Se já não bastasse a insegurança e o medo que permeiam os cidadãos francanos antes de saírem de suas casas, ultimamente também sair do banco se tornou uma verdadeira aventura para boa parte da população. De acordo com a Polícia Militar, cerca de R$ 83,5 mil já foram levados pelos ladrões desde o começo do ano. A ação tem se tornado tão comum que alguns bancos fazem seus clientes assinarem um ‘termo de responsabilidade’ quando sacam e levam em dinheiro valores um pouco mais elevados.
A receita desse novo modelo de furto todos já conhecem. Disfarçadamente, alguém fica espionando a movimentação dos correntistas dentro do banco. Quando percebe alguma retirada mais significativa, marca o cidadão que imediatamente (e mesmo sem saber) se transforma em vítima. Depois é só não perdê-lo de vista e avisar o comparsa (ou comparsas) que já estão apostos do lado de fora do banco. Daí para fazer a abordagem e cometer o assalto, é só uma questão tempo e de espera pelo momento e lugar mais oportunos.
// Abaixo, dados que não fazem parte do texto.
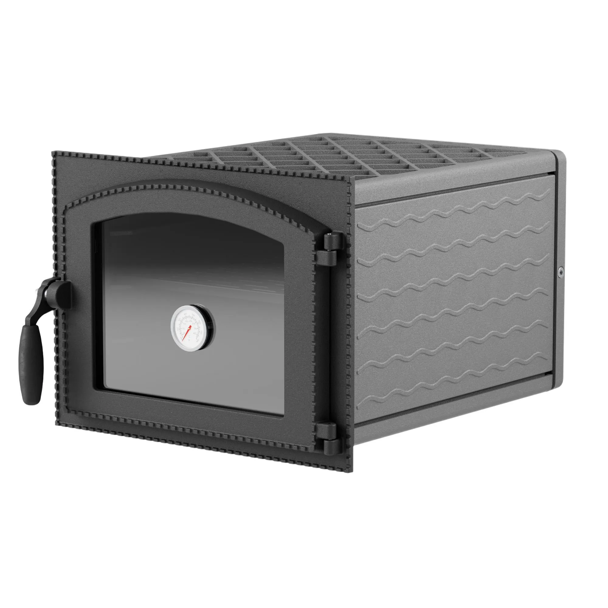 Печная духовка ДП-ДКГ-2АС выполнена из чугуна и оснащена дверцей с термостойким стеклом ROBAX и встроенным термометром. Духовые шкафы, встроенные в современные топочно-варочные печи, используются для выпечки пирогов, приготовления топлёного молока и других блюд, сохраняя традиции русской печи.

É uma situação realmente difícil. Como a imensa maioria das pessoas não anda com seguranças pelas ruas da cidade, não tem carro blindado, nem necessariamente anda em turmas, torna-se muito difícil combater ou se livrar desse tipo de crime. Mesmo considerando a intensificação das ações de vigilância que as Polícias Civil e Militar têm empreendido durante as épocas de pagamento, não há como coibir totalmente esse tipo de crime, pois não existem efetivos policiais suficientes para o número de pessoas que se espremem nas inúmeras agências bancárias da cidade durante esses dias.
Dessa forma, o cidadão francano vai conhecendo mais uma forma de violência, de invasão de sua privacidade e de usurpação de seus direitos. Muitos, inclusive, acabam perdendo uma quantia que, independentemente do valor, não faz parte de sua poupança, mas sim de seus gastos cotidianos, fundamentais para sua digna sobrevivência.
Nesse sentido, é preciso que encontremos uma rápida solução para esse problema. O simples ato de ir ao banco não pode se tornar uma aventura incerta em nossa cidade, como se já não bastassem os problemas do trânsito, das drogas e da violência comum. Claro que há sempre a opção da internet, mas nem todos têm acesso, além disso, fazer uso da internet para realização de serviços bancários deve ser uma opção e não por falta dela.
Os bancos, por sua vez, também precisam se envolver nessas questões. Não podem ‘lavar as mãos’ como se nada tivessem a ver com isso. Juntamente com nossas autoridades, e com a própria sociedade civil, talvez fossem fundamentais na busca de soluções concretas para acabar com esses roubos, uma vez que detêm conhecimento, recursos e tecnologia para isso.
De resto, intensificar a vigilância e aumentar o rigor das punições também não faria mal a ninguém, a não ser aos ladrões.